Mr. CAMERON ABADI (Associate Editor, Foreign Policy): Thanks for having me.
SIEGEL: And first, I'd like you to describe the West's view of Moammar Gadhafi, say, back in the 1970s or '80s when he would have been a candidate for membership in what George W. Bush much later on called the axis of evil.
Mr. ABADI: That's right. Before there was an axis of evil, there was President Reagan's use of the term "mad dog of the Middle East" as applied to Moammar Gadhafi. And that was not only the view of Washington but the rest of the world.
From the time he came into power in 1969, he isolated himself and his country from international politics by supporting terrorism, by loudly proclaiming his support for a reordering of the region along Islamist lines. And the United States and the West responded by gladly isolating him and had very little to do with him.
SIEGEL: Gadhafi's support of terrorism extended not only to Libya's involvement in the Lockerbie bombing...
Mr. ABADI: Hmm.
SIEGEL: ...he even supported the Irish Republican Army in Northern Ireland against the English.
Mr. ABADI: That's correct. He was - had no particularly coherent philosophy in terms of the terror he supported. He seemingly was willing to cut a check to anybody who was willing to support destruction in one fashion or another.
SIEGEL: So how do we get to the transition from Gadhafi the sanctioned pariah to Gadhafi the Third World leader who came in from the cold?
Mr. ABADI: You know, as I looked into this, I thought what was most fascinating is that it's quite easy to put your finger on precisely when this shift happened. It was the year 2003, when, after the invasion of Iraq, Moammar Gadhafi renounced his pursuit of nuclear weapons.
The West and the United States, in particular, was eager to reestablish ties. He said he was willing to crack down on Islamist terrorists, al-Qaida in particular. And the West saw this as a lucrative market to invest in.

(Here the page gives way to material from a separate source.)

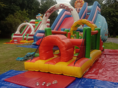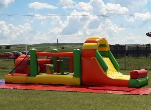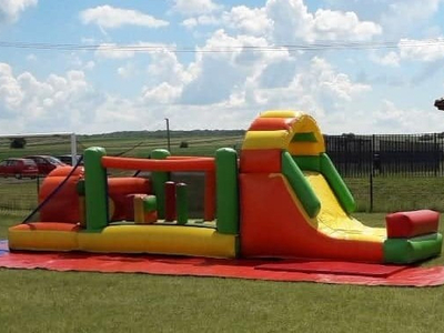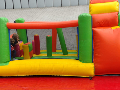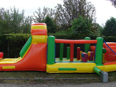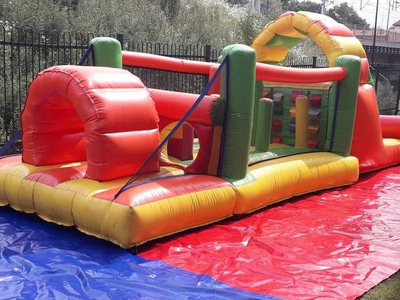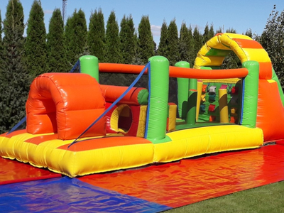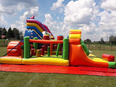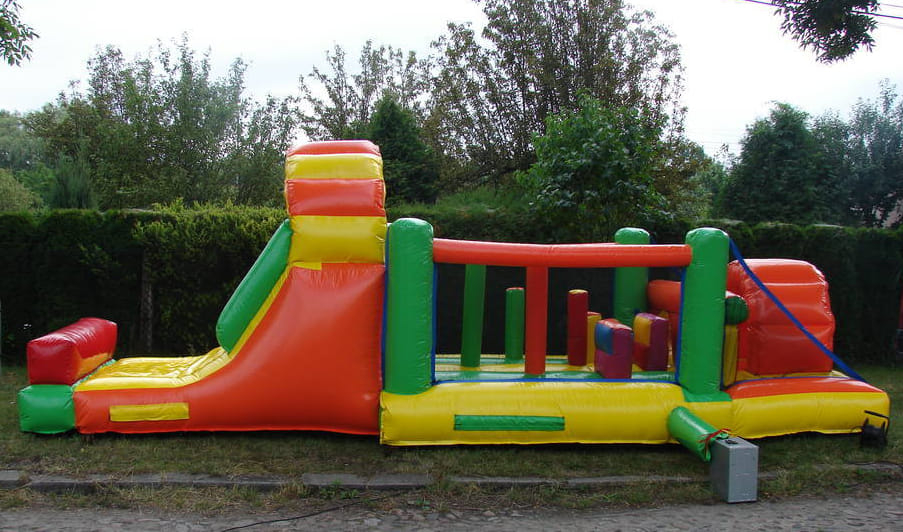 Tor przeszkód jest pneumatycznym placem zabaw, w którym zamek do skakania jest połączony z torem przeszkód i zakończony zjeżdżalnią.

And so we saw a series, in the wake of that announcement in 2003, a series of visits, a series of sit-downs with leaders in the West, and big business deals signed.

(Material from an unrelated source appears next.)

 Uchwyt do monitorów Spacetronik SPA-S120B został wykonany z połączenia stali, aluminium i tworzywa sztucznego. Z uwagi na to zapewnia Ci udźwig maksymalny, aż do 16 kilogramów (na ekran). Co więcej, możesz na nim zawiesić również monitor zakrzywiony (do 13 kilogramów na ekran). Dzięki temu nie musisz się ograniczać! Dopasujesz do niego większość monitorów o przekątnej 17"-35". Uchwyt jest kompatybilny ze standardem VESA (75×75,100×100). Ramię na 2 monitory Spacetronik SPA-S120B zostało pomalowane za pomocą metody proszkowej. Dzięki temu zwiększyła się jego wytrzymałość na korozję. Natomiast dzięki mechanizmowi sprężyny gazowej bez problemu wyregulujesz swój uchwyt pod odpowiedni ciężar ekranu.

SIEGEL: Your article poses the question: How did the West get Gadhafi so wrong? Is the long answer oil?
Mr. ABADI: That is certainly the shortest possible answer. Libya is a country with natural resources, like you mentioned, and a lot of money is to be made by quickly signing deals.
SIEGEL: His new friends were not just the Italians who struck a huge deal under Berlusconi. Tony Blair, when he was prime minister of the U.K., met with Gadhafi and somehow had a way of describing the bygones, which included the Lockerbie bombing and indeed Gadhafi's involvement in Northern Ireland.
Mr. ABADI: Tony Blair took the lead in re-establishing ties with Gadhafi, and that was very controversial in Britain. Britain particularly was a target of the terrorism that Gadhafi used to support. There was the Lockerbie bombing that was still an open wound in Britain.
But Blair, who also liked to assume the mantle of a moral foreign-policy leader, said it's time to let bygones be bygones and was the first Western leader to make that trip to Libya and to shake his hand.
SIEGEL: With allusions to these - the pain of the past?
Mr. ABADI: With allusions to the pain of the past, certainly, but looking forward, quite concertedly. And there's an argument to be made that this will tarnish Blair's legacy.
SIEGEL: Well, there certainly were people in foreign policy, in military circles, who, as they watched the Mubarak regime come down, wondered nervously, will the people who succeed him, will they be adverse to U.S. interests in the region? Was Gadhafi advancing U.S. interests in the region? Do we think of him as somebody who was in some way a crypto-ally of Washington's in recent years?
Mr. ABADI: Aside from the money that was at stake in having ties with Libya, the United States, even if we were never close friends with Gadhafi, we were glad to have his hard-line support in the war on terror against al-Qaida. I don't think ties need to be warm for them to be justified in cool realpolitik that the West pursued in these years.
SIEGEL: Cameron Abadi, thank you very much for talking with us.
Mr. ABADI: Thanks for having me.
SIEGEL: Cameron Abadi is associate editor of Foreign Policy Magazine.